Le Bernardin

16. October 2006 American, Midtown 4

155 West 51st Street between Sixth and Seventh Avenues
about $300 for two, with matching drinks, without tip
♥ ♥ ♥

After dining at Le Bernardin for the Dr.’s birthday, I realized that it shouldn’t be categorized as French. The name may be French but the menu definitely screams New American. There were a lot of Asian ingredients like lemongrass, soy and wasabi. The South American influence was also present with ceviche waving the Peruvian–or Ecuadorian, if you prefer–flag. I was surprised to see spicy chorizo, too, but I got over it as soon as the Dr. picked his meals: Peking duck and green papaya salad with black bass, langoustine with chayote and pears, kampachi with ginger-coriander emulsion. (One of his wines was a “Naiades” Verdejo from Rueda, Spain, the same wine I had at Alinea. Funny that.)

A $100 prix fixe lets you pick one dish from the three sections of almost raw, barely touched and lightly cooked selections; the fourth course is dessert. I started with the four ways of fluke, from simple to complex combinations. Ceviche is easy to make but it’s even easier to mess up. With Le Bernardin’s take, I just wanted to slurp the sauce and soup from each bowl. A 2003 Slovakian Riesling from Chateau Bela was crisp and a good match. I couldn’t pass up the warm uni custard with julienned sisho leaves because I’ve just never had sea urchin prepared like it before. The two fresh unis on top reminded me of that ocean flavor I always crave. It was barely detectable from the custard–the right amount of uni-ness. For my main course, I went for the pan-roasted monkfish with confit peppers, patatas bravas and chorizo emulsion. I didn’t really understand why it was called a tribute to Gaudí except for its Catalan ingredients. Perhaps it was the striped garnish, the simple lines. A glass of Pessac-léognan from Château Smith Haut Lafitte was, for lack of a less pretentious word, exquisite. My dessert consisted of warm peaches topped with strawberries and drizzled with honey.

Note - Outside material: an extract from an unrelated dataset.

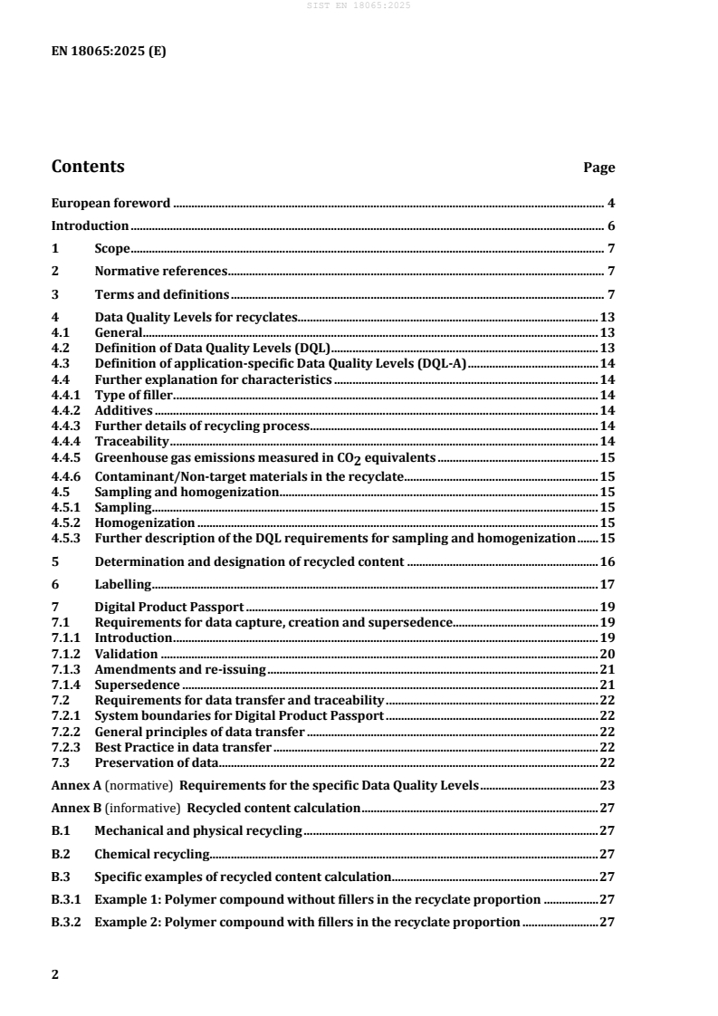 - Normative and informative annexes: Annex A defines specific DQL requirements; Annex B contains recycled content calculation examples; Annex C covers sampling guidance.

We had a very early table and we dined with the demographic we’ve gotten used to seeing around us–we seem to travel to destinations and reserve restaurants “adults” frequent–so we were mostly treated by the staff as if we’ve been dining there for years. The service was neither short nor exceptional. What surprised me, however, was how old-fashioned Le Bernardin was. The entire room buzzed as it approached the more popular dinner time but it could use a little oomph in decor and lighting to match Chef Eric Ripert’s eclectic menu.

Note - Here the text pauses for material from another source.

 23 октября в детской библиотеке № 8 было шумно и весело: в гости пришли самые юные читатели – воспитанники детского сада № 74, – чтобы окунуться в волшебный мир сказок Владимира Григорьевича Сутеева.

4 thoughts on “Le Bernardin”

  • 1
    famdoc on October 17, 2006

    I’ve photographed meals at less ritzy joints than Le Bernardin, but couldn’t imagine doing so there. Bravo for your chutzpah!

    We visit Le B every year for our anniversary and hold it in highest esteem. There isn’t another joint in NY that tops Le Bernardin for inventive seafood and quality service.

    I would recommend the lesser-priced tasting menu (all diners at a table must order it).
    I believe it is only $25 more than the prix-fixe and gives you tastes of a variety of Chef Ripert’s creations. Used to be the disparity in price between the prix-fixe and the tasting menu was alot more. Also, the wine-paired tasting menu is a great deal.

    Are those stemless wine glasses? I’ve seen them in stores but never drank from them.

  • 2
    cia on October 17, 2006

    Stemless wine glasses indeed. Even the serviceware matched the nouveau menu but the interior design.

  • 3
    famdoc on October 18, 2006

    Oh, and the artwork. Gilbert and Maguy Le Coze, the founders of Le Bernardin, scoured the best galleries and auctions in France to create a wonderful ambience. Scan the paintings and imagine yourself enjoying an assiette des fruits de mer in a seaside brasserie in Brittany. That jolly, rotund fisherman in his orange/red sweater…the nautical view of St. Malo. Even the mens’ room has incredible art. Le Bernardin is to be savored by all the senses.

  • 4
    G. on October 18, 2006

    went to le bernardin a few years back when zagat was big and we would try the top five restaurants on their list – obviously le bernardin was one of them that year.

    i absolutely loved my meal there but the most memorable thing for me was the service. it was great – too great in fact that i started avoiding eye contact with the servers just coz as soon as one of them thought we needed something, five of them appeared by our table. we were treated like kings (and queens).